Houghton Mifflin Harcourt Breakdown: Everybody’s Hurt

By Neal 

hmharcourt-logo.jpgWe got an email last night from somone describing themselves as a senior level Houghton Mifflin Harcourt staffer who was affected in this week’s layoffs, along with nearly 200 hundred others. Our source is confident about that number: “I counted the others listed on ‘Exhibit B Disclosure under title 29 US Code 626 (f) (1) (H) Personnel Eligible for Severance Benefits’ which was included in my severance packet.” Here’s what this former HMH employee has to say about what’s happened:

“The adult trade division has been crippled to the extent that books in production cannot be attended to and are now ‘frozen,’ something that I’ve never heard of before (and this is my third layoff in a twenty-year publishing career). Many here are surmising that the adult trade division is rapidly being dismantled and discarded. Among those laid off were a 79-year-old acquisitions editor who had signed [four] Nobel Prize-winning authors in her career [Drenka Willen] and a senior designer with over thirty years of stellar service. We who worked at HMH are heartsick at the gutting of these two prestigious and respected companies, Houghton Mifflin and Harcourt.”
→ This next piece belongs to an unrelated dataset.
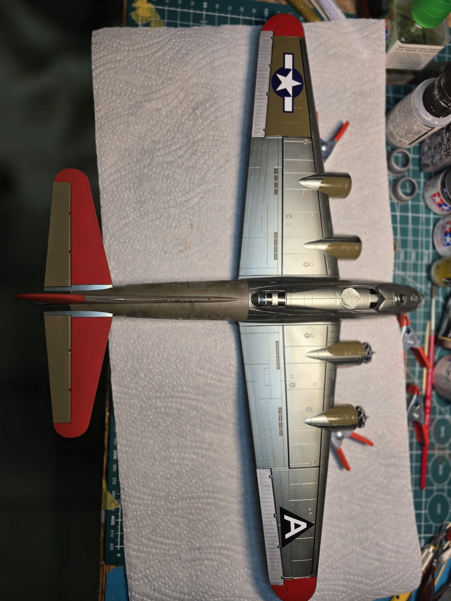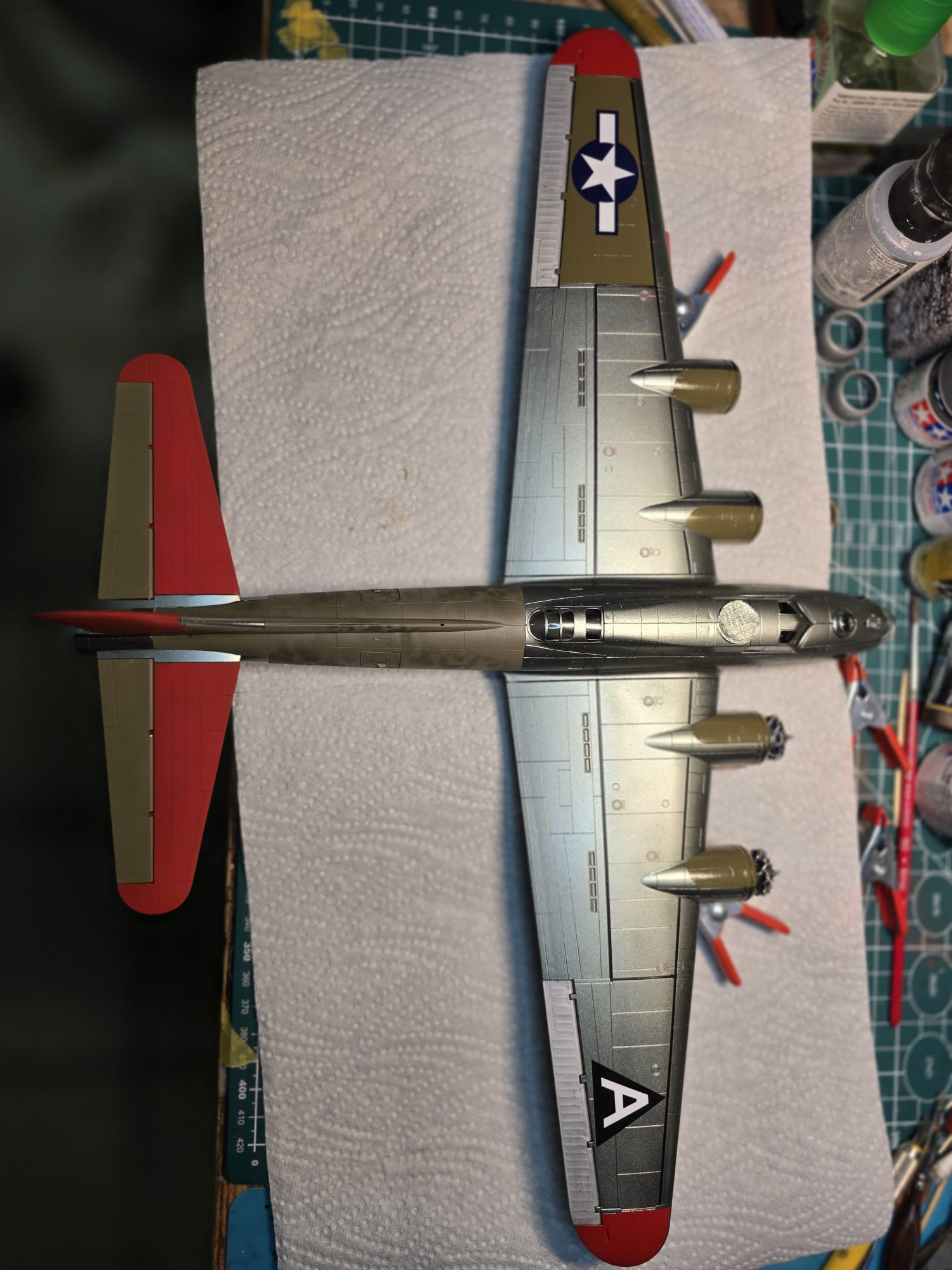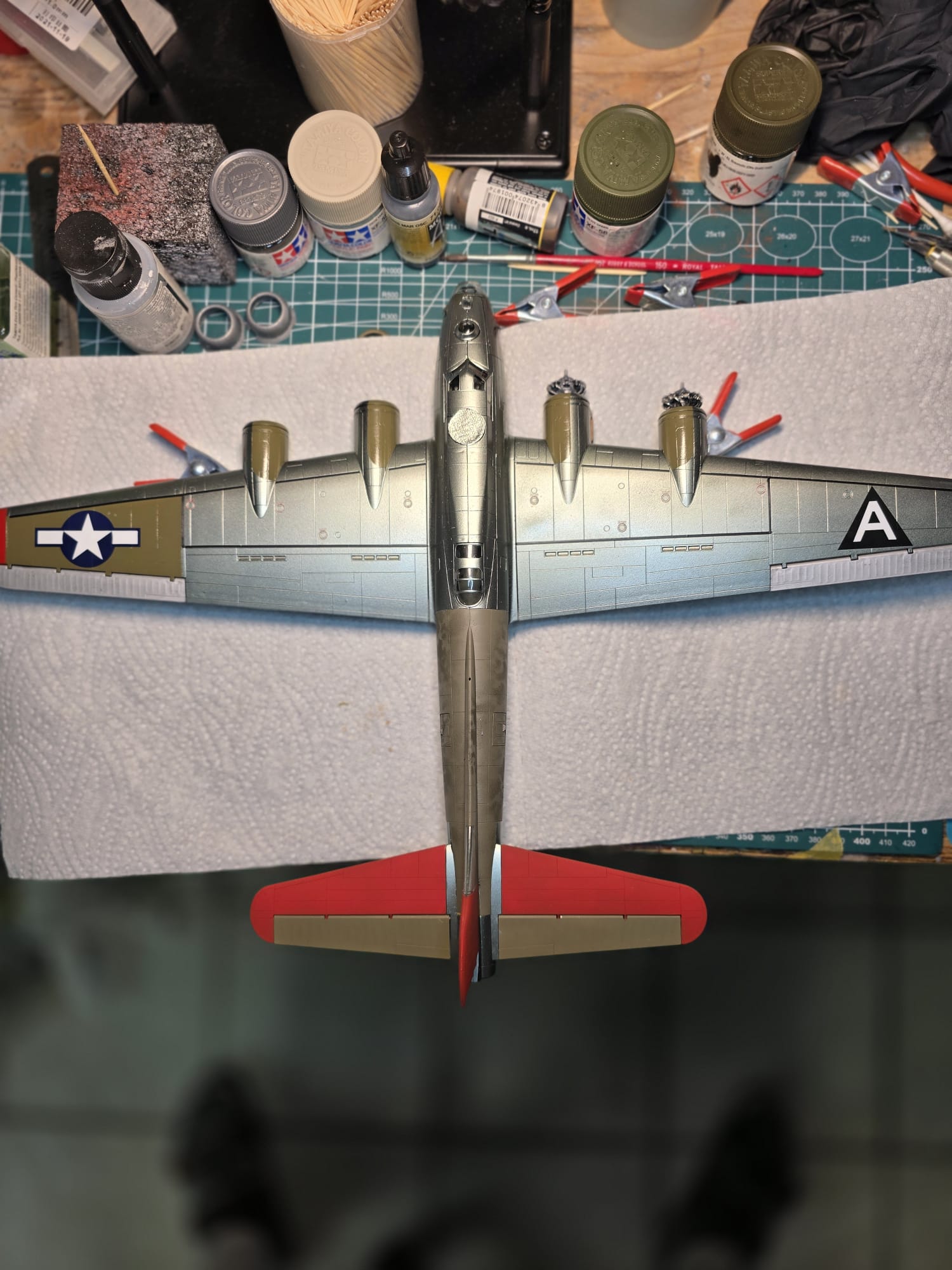 Auf den Bildern sind die Flügel fertig lackiert und mit Decals versehen. Der Rumpf und Heck braucht noch Klarlack. Die Hauptfarbe ist Kaleido Tungsten Steel und der Klarlack ist ebenfalls von Kaleido. Der Rest ist Tamiya und Vallejo.
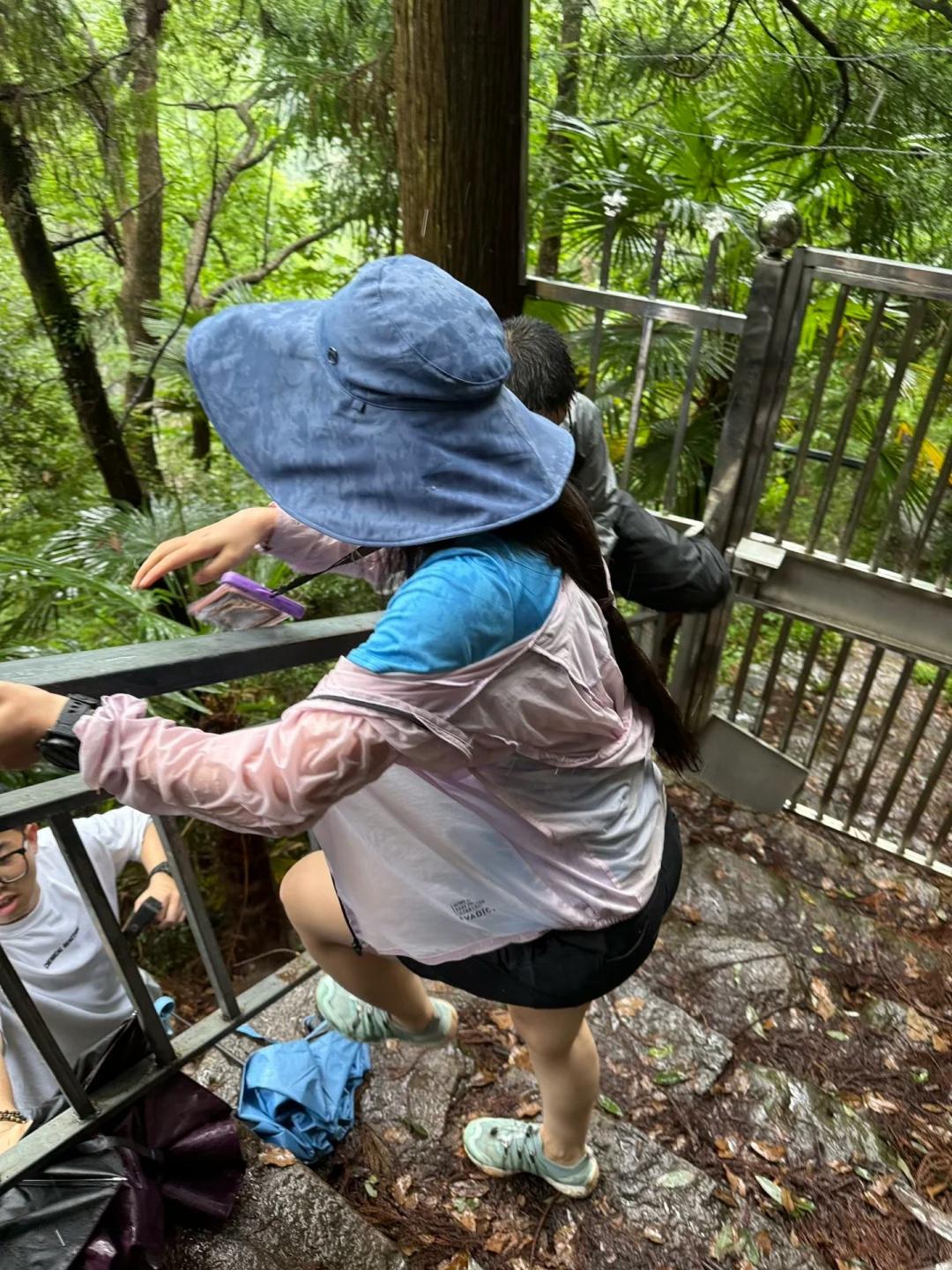“网上推荐的拍照点,需要翻栏杆进去,雨天比较滑。”

We also spoke with an author who had been published by HMH in the past and had delivered a new nonfiction manuscript—dealing with a subject matter similar to the earlier work—just before the “freeze” on new acquisitions. “They took a look at it, but I think they’re just overwhelmed,” this writer told us. “I’m sort of happy that it all happened now and not a month later.” As it is, the early warning has allowed this author’s agent to show the material around town, and we’re told there’s some interest, but it’s worth noting that the HMH editor who published the earlier work was widely regarded as one of the industry’s best editors dealing with this particular subject matter. Yes, we could think of several editors who would be just as right for this book even before we turned to Publishers Marketplace to look through the deals made in this category—the point is this editor (who is still at HMH as far as we and the author knew yesterday afternoon) has through no fault of her own been forced into a position where her ability to build upon the strong portfolio of books and authors she’s cultivated over the years has been severely crippled.

And, in the long run, multiplied by the number of other editors whose critical acumen has been similarly stymied, that’s not just bad for the book business, it’s bad for everyone. “I hate to be doom-and-gloom about this,” the author worried, “but when one of the great American literary publishers isn’t taking books, that’s a blow to the culture.” The worst case scenario for writers? “You make decisions about your career based on what you love to do,” the author explained, “but when it gets to the point that you can’t make a living writing… Maybe writing books will become just the hobby of rich people, or people who can live very cheaply.”